它是不完整的的文件夹,用于减少 VRAM 的需求,具有 desc_act(act-order)以提高推理质量。
如需进一步的支持以及有关这些模型和 AI 的讨论,请加入我们的 Discord:
感谢 chirper.ai 团队!
我有很多人问我是否可以做出贡献。我喜欢提供模型并帮助人们,并希望能够投入更多时间来提供更多模型,并开展新的项目,如微调/训练。
如果您有能力和意愿做出贡献,我将非常感激,并将帮助我继续提供更多模型,并开始进行新的 AI 项目。
捐赠者将在任何与 AI/LLM/模型有关的问题和请求上获得优先支持,并获得访问私人 Discord 房间以及其他福利。
特别感谢我的慷慨的赞助者和捐赠者!
Falcon-40B-Instruct 是由 TII 基于 Falcon-40B 构建的 40B 参数编码器模型,并使用混合的 Baize 进行微调。根据 TII Falcon LLM License ,该模型可供使用。
即将发布论文 ?。
? 这是一个指导型模型,不适合进一步进行微调。如果您有兴趣构建自己的指导/聊天模型,我们建议从 Falcon-40B 开始。
? 寻找一个更小、更便宜的模型? Falcon-7B-Instruct 是 Falcon-40B-Instruct 的“小弟”!

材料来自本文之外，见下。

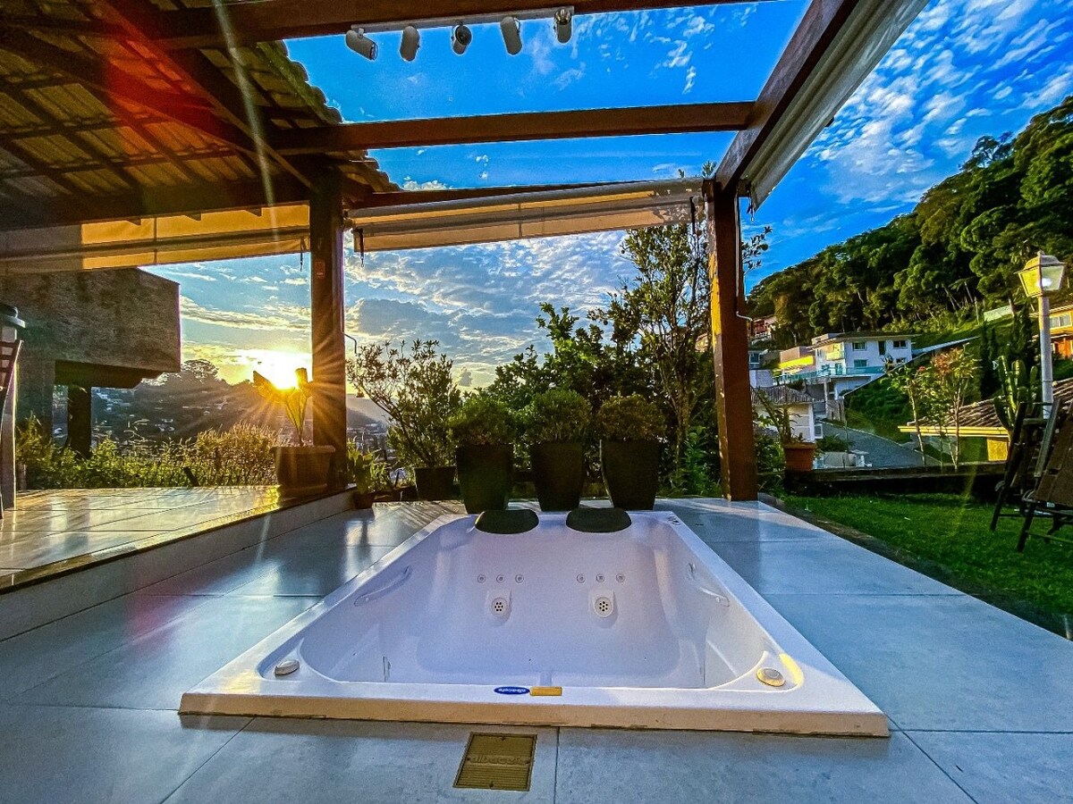 Refúgio charmoso na serra para casais e familias (até 5 hóspedes), em condomínio fechado, portaria 24h, próximo ao centro. Casa aconchegante, com decoração rústica e lazer privativo: jacuzzi com TV, mesa de bilhar e área gourmet com forno a lenha e churrasqueira. O anfitrião é Chef de cozinha e oferece, mediante combinação, fondue de carnes ou jantar à luz de velas 🍷. 🌱 Sustentabilidade com horta orgânica. ⚠️ Área de lazer do condomínio não permitida. Host fala italiano fluente nativo 🇮🇹

from transformers import AutoTokenizer, AutoModelForCausalLM import transformers import torch model = "tiiuae/falcon-40b-instruct" tokenizer = AutoTokenizer.from_pretrained(model) pipeline = transformers.pipeline( "text-generation", model=model, tokenizer=tokenizer, torch_dtype=torch.bfloat16, trust_remote_code=True, device_map="auto", ) sequences = pipeline( "Girafatron is obsessed with giraffes, the most glorious animal on the face of this Earth. Giraftron believes all other animals are irrelevant when compared to the glorious majesty of the giraffe.\nDaniel: Hello, Girafatron!\nGirafatron:", max_length=200, do_sample=True, top_k=10, num_return_sequences=1, eos_token_id=tokenizer.eos_token_id, ) for seq in sequences: print(f"Result: {seq['generated_text']}")
Falcon-40B-Instruct 从一个聊天数据集进行了微调。
没有进行风险评估和缓解措施的生产使用;任何可能被视为不负责任或有害的用例。
Falcon-40B-Instruct 主要是基于英语数据进行训练的,不会适当地推广到其他语言。此外,由于它是在代表网络的大规模语料库上进行训练的,因此它会带有常见的在线陈规和偏见。
我们建议使用 Falcon-40B-Instruct 的用户制定安全措施,并采取适当的预防措施进行任何生产使用。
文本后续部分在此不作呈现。